[Problem requirements]
The answer should be a single number: how many lines in the material contain "pattern".
..........
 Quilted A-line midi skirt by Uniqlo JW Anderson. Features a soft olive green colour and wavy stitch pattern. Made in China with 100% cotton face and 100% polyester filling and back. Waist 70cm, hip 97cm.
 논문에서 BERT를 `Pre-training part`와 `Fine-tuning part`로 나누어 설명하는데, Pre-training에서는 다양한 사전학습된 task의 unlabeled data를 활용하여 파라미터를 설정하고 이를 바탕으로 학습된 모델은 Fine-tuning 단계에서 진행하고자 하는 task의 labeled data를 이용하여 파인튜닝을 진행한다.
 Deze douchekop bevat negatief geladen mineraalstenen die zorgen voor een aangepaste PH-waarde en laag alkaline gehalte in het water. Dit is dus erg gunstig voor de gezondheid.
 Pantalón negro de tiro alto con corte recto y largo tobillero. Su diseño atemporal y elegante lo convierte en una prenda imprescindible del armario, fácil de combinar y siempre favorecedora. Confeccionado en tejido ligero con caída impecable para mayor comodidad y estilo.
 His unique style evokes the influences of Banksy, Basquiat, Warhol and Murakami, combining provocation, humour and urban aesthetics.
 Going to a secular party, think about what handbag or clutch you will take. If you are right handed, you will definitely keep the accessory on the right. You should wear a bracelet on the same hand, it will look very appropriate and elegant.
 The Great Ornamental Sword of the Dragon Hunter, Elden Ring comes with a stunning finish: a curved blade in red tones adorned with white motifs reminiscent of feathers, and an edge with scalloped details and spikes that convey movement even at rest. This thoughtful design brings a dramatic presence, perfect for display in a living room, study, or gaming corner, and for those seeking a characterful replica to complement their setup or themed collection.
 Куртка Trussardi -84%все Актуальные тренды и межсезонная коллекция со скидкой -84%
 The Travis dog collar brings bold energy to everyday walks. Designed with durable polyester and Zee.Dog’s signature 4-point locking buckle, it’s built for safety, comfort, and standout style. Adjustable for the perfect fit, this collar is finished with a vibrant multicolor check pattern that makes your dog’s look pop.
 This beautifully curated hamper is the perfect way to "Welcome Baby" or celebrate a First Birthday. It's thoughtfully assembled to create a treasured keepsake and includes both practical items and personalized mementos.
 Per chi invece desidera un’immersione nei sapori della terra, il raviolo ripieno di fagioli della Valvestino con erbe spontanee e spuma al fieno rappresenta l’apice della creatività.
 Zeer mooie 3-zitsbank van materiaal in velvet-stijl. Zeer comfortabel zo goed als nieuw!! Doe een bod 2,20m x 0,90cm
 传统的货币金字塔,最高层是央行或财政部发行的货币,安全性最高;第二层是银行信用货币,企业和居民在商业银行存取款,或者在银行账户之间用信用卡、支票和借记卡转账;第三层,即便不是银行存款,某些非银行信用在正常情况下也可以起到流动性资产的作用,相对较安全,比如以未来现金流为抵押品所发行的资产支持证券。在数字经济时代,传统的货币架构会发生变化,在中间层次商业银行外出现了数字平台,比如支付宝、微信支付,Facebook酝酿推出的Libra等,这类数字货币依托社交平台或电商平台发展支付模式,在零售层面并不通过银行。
..........
[Written answer]
2